Sunday 24 June 2018

Features of PPF accounts

It is not necessary that all employers provide their employees with a Provident Fund; a percentage of money deducted from an employee’s salary and matched by the employer, which serves as a saving. Small business owners and self-employed businessmen must make provisions to save money for retirement and a good way to put away some money for the future is to open a Public Provident Fund Account, which serves as a great investment vehicle for your retirement savings.

What are the features of PPF investment account?

There are a few basic features of the PPF account that you must be aware of.

Tenure: PPF investment account is a 15 year product which comes with a lock in period of 16 years. You cannot count the first year of investment in the maturity period. So if you made your first PPF investment in 2018, your account will mature in 2034.

Deposit limits: You must invest a minimum of ₹500/- per annum, where the maximum investment limit per annum is ₹150,000/- in a financial year. The deposit can be made monthly or in a single shot anytime during the financial year. Furthermore, you can open your PPF investment account with an initial deposit of only ₹100/-

Rate of interest: Earlier, the government used to offer a fixed rate of interest for the entire tenure of the account, however as per new RBI guidelines, the government declares a new rate of interest every quarter.

Account holders: At any given time, an individual is permitted to hold only one PPF account.  A salaried or self-employed individual can open this account but no Hindu Undivided family or association is permitted to open it. Furthermore, an individual can open a joint account with a minor provided he/she is a parent/guardian but not a grand-parent. Besides, opening an account with a minor, PPF accounts cannot be opened as joint accounts. NRIs are also not allowed to hold these accounts.

Premature withdrawal: Most people are unimpressed by the 15 year lock-in period and so they avoid investing in the PPF scheme. However there are provisions for pre-mature withdrawal with PPF. You can make partial withdrawals from your account during financial crises. Withdrawals from the account are permitted after 7 years and you can withdraw money from the account once a year.

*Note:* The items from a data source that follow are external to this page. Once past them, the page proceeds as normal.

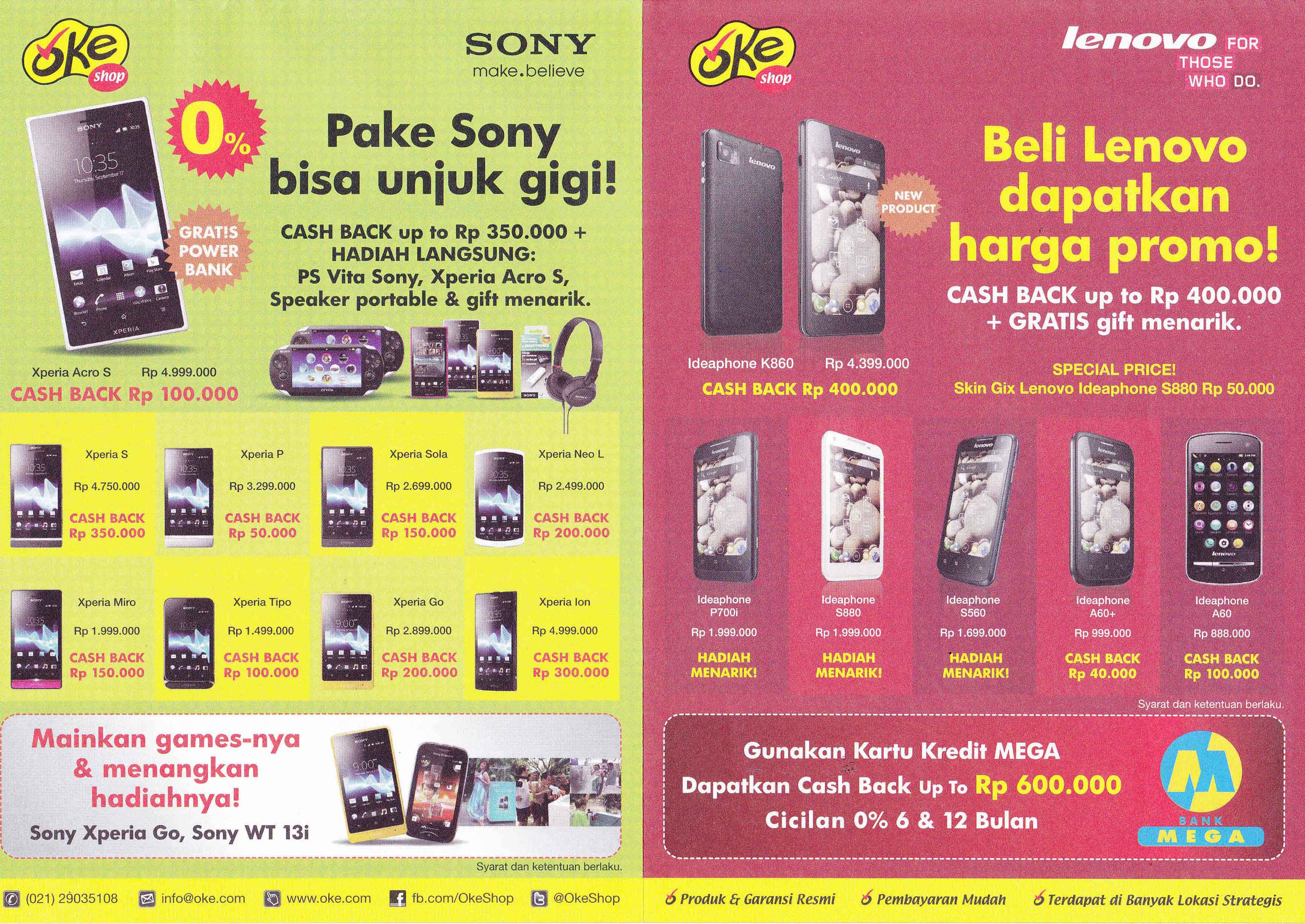 - Xperia S: Rp 4.750.000,- (Cashback Rp 350.000,-)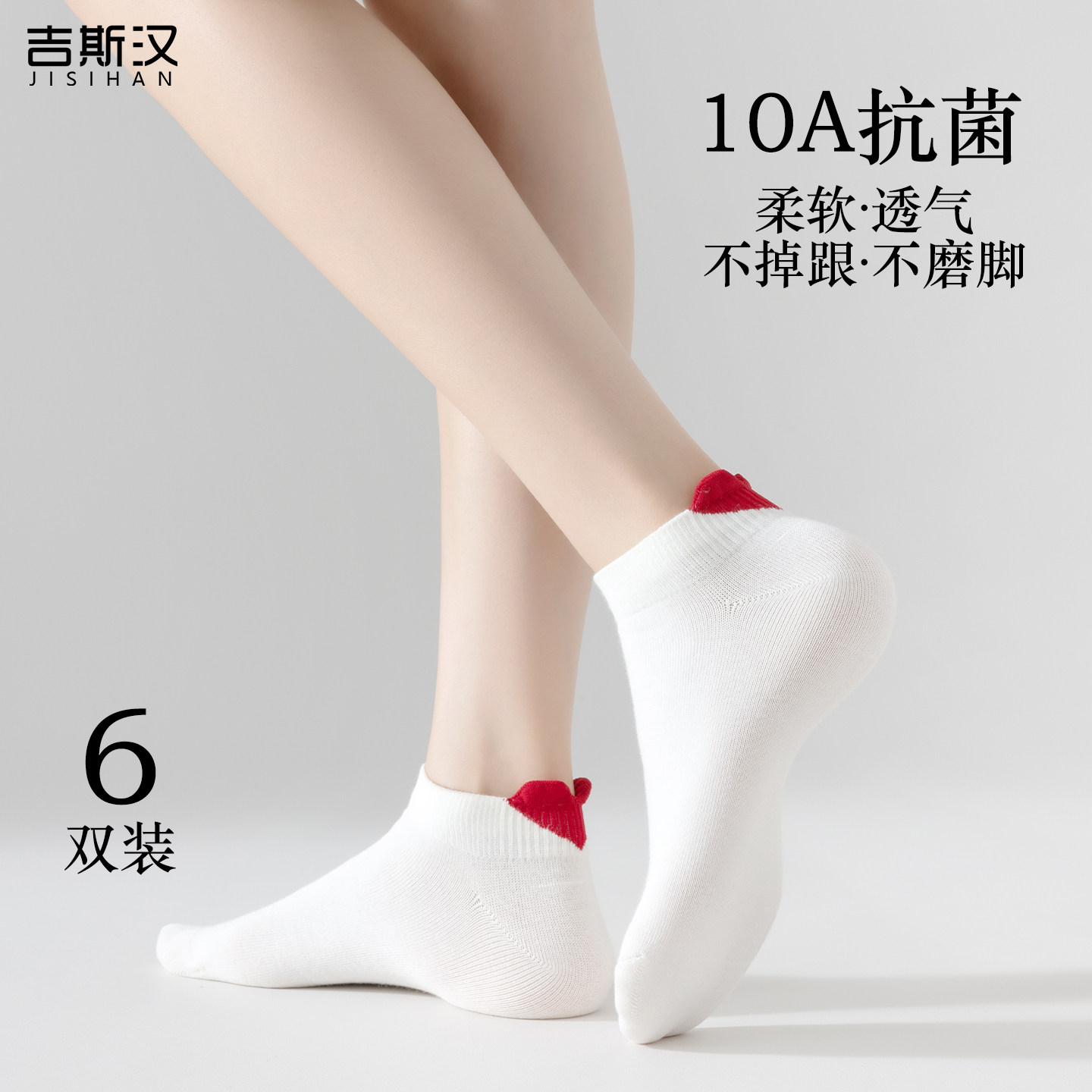 Socks women's pure cotton spring and summer 2026 new explosive anti-odor antibacterial sweat-absorbing thin embroidered white short socks for women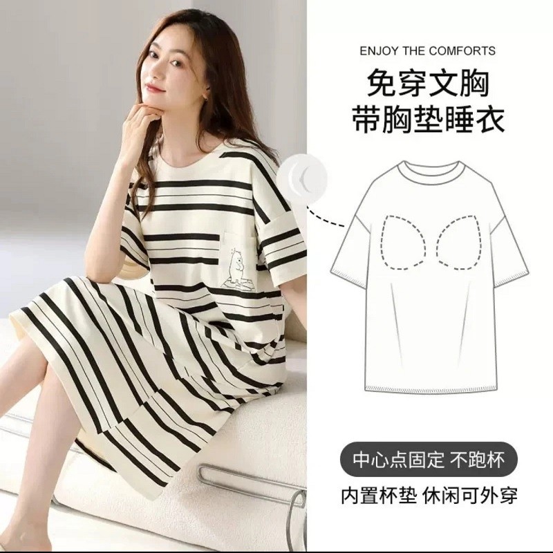 防走光带胸垫睡裙女款夏季宽松短袖睡衣可外穿2024新款韩式中长裙

Loan on PPF: Between the 3rd and 6th year, you can apply for a loan against the money accumulated in your account. Loans can be availed amounting to a maximum of 25% of the balance in your account.
Discontinued accounts: Depositing a minimum amount of ₹500/- per annum in your account is mandatory. If you fail to do so, your account will be deemed as discontinued. However the interest on your account will continue to accrue. In case you miss depositing the minimum account in a given financial year, you can pay a penalty fee of ₹50/- for every year you defaulted plus subscription arrears of ₹500/- per financial year to regularize your account.